What you should do:
What you return must match the data below exactly, minus any pictures.

Material provided:
= = = = = = =
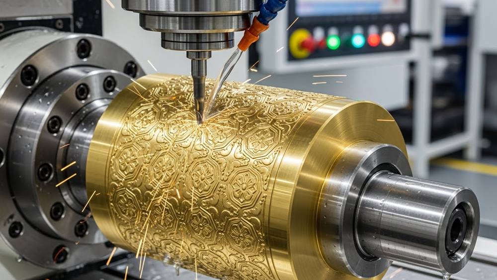 Parametric 3D CAD modeling and grayscale-to-surface conversion translate complex textures into precise geometries for 4th-axis CNC machining and high-speed paper production.
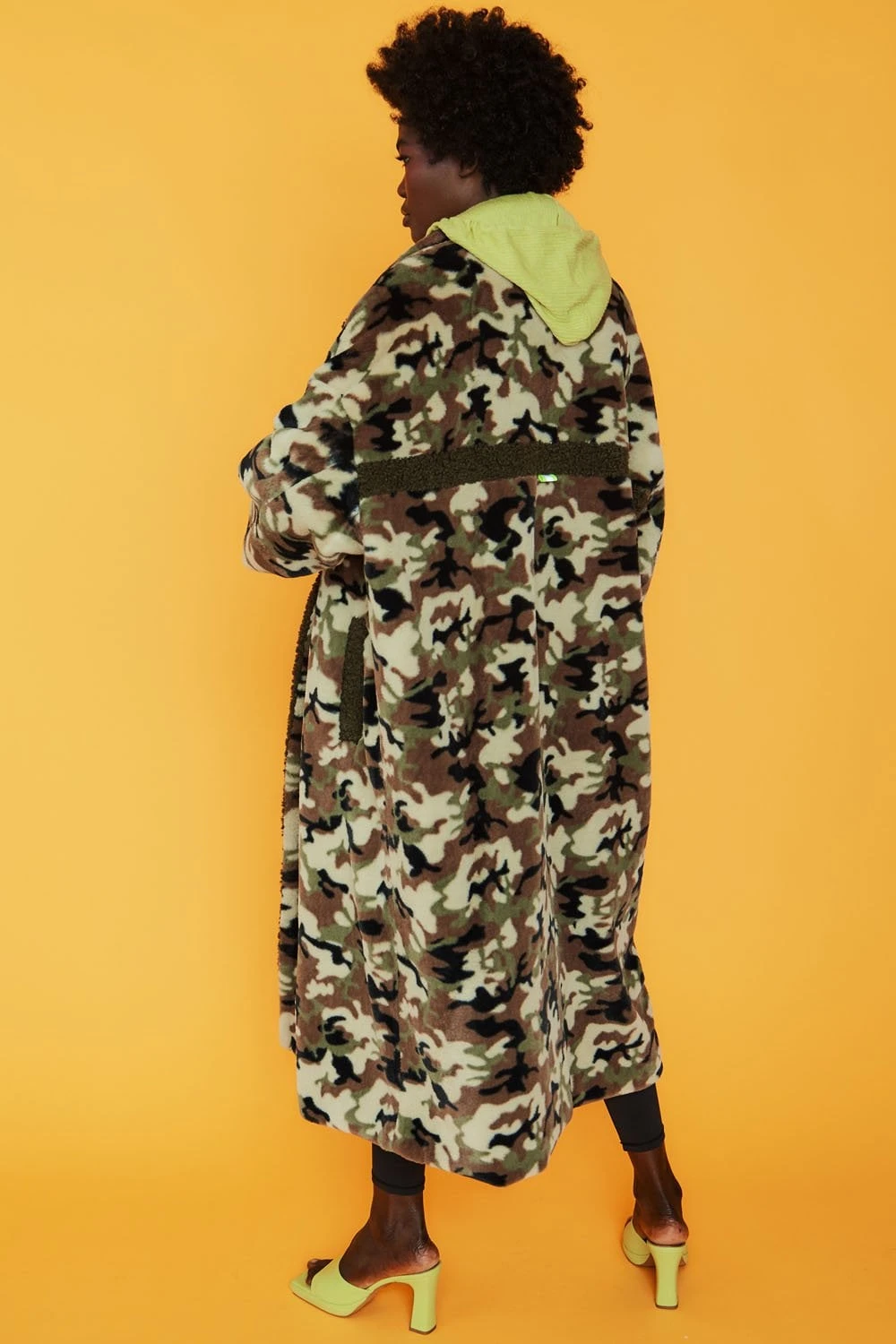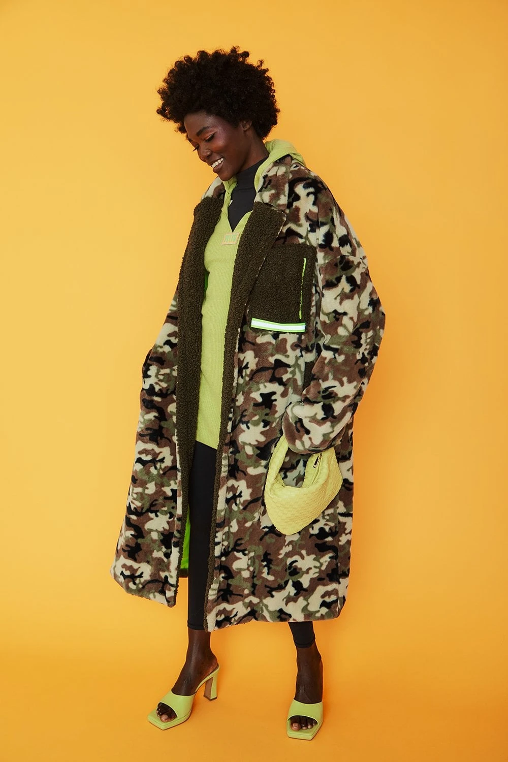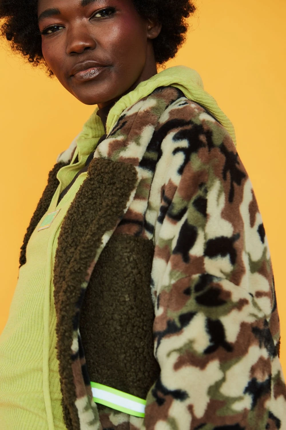 Complete your workout wardrobe by adding this beautifully bold faux fur camo jacket. Featuring a shearling teddy bear collar and pocket finishes and a contrasting neon lining, reflective bands, with a classic style collar and pockets.
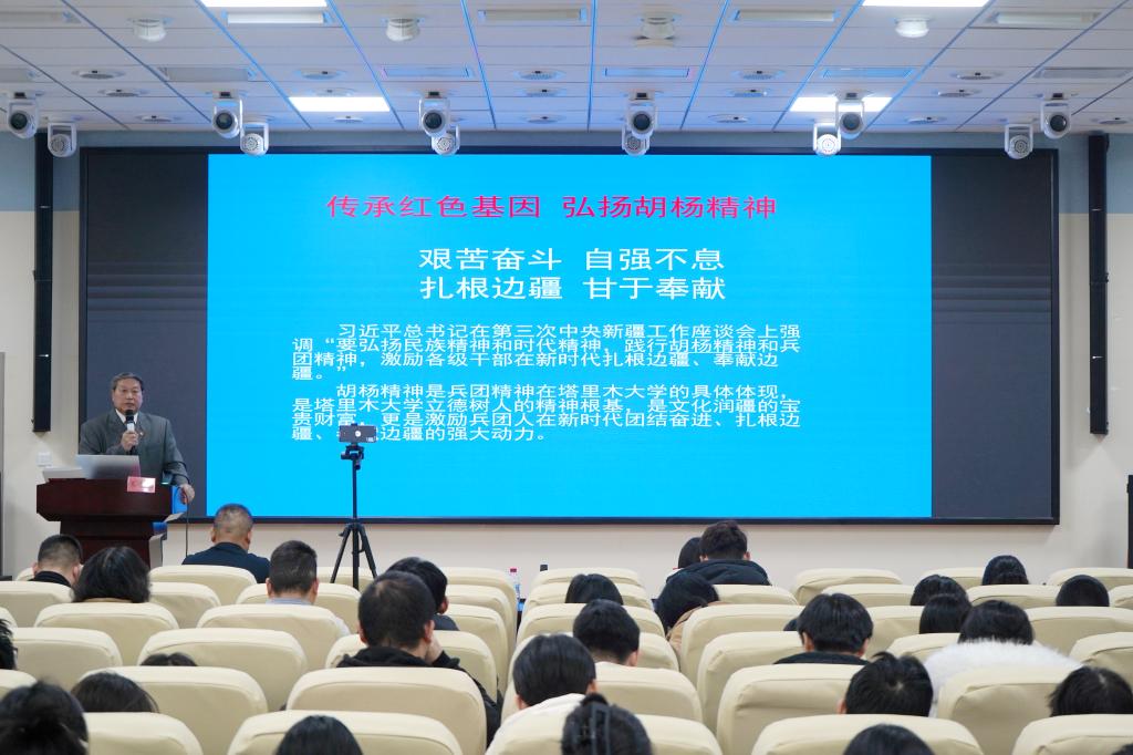 王合理以“传承胡杨精神,赓续红色血脉”为题,结合自身经历和学校发展历程,从胡杨精神的形成发展,胡杨精神的深刻内涵,胡杨精神融入大学生活等方面,对胡杨精神及其在新时代的传承与发展进行了全面讲述。他勉励学院师生要传承胡杨精神,厚植爱国情怀,在新时代担当新使命、展现新作为。
= = = = = = =
Answer below:
 Parametric 3D CAD modeling and grayscale-to-surface conversion translate complex textures into precise geometries for 4th-axis CNC machining and high-speed paper production.
 Complete your workout wardrobe by adding this beautifully bold faux fur camo jacket. Featuring a shearling teddy bear collar and pocket finishes and a contrasting neon lining, reflective bands, with a classic style collar and pockets.
 王合理以“传承胡杨精神,赓续红色血脉”为题,结合自身经历和学校发展历程,从胡杨精神的形成发展,胡杨精神的深刻内涵,胡杨精神融入大学生活等方面,对胡杨精神及其在新时代的传承与发展进行了全面讲述。他勉励学院师生要传承胡杨精神,厚植爱国情怀,在新时代担当新使命、展现新作为。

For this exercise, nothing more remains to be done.